CD&D and Staff Reports
A research team led by the French surgeon who re-engineered mitral valve repair said it will implant up to 20 artificial hearts in patients in 2011. At a press conference in Paris, Alain Carpentier, MD, said, "We are moving from pure research to clinical applications. After 15 years of work, we are handing over to industry to produce an artificial heart usable by man," according to Agence France Press.
Few medical devices begin life with such an impressive pedigree.
Carpentier was given carte blanche from the European space and defense group EADS, which estimates it already has spent more than e15 million bringing the project to a prototype stage.

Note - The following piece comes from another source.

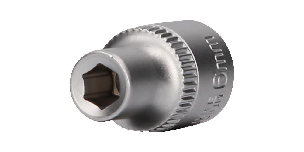 Die BRILLIANT TOOLS Sechskant-Stecknuss BT021800 ist nach DIN 3124 gefertigt. Der kurze metrische Einsatz hat einen 3/8" (10 mm) Innenvierkant-Antrieb welcher nach DIN 3120 gefertigt wurde. Die Schlüsselweite des Sechskants ist 6 mm. Die Stecknuss hat eine Gesamtlänge von 28 mm. Die Oberfläche ist an der Antriebsseite und an der Innensechskantseite matt verchromt, diese ist durch eine Längsrändelung getrennt.

The heart device is pre-approved by the French Agency for Healthcare Product Safety (AFSSAPS) for implantation in "life-threatened patients with no other available treatment options," meaning a patient who otherwise might drop dead of a massive heart attack.
The French innovation agency OSEO awarded the company transferring the technology from the labs to the market some EUR 33 million in grants and loans, the largest amount of funding ever awarded to a start-up.
And the new company, Carmat SAS, raised in excess of e7 million in a first financing round, with e5 million from Truffle Capital (Paris) and e2.25 million from EADS and the Fondation Alain Carpentier.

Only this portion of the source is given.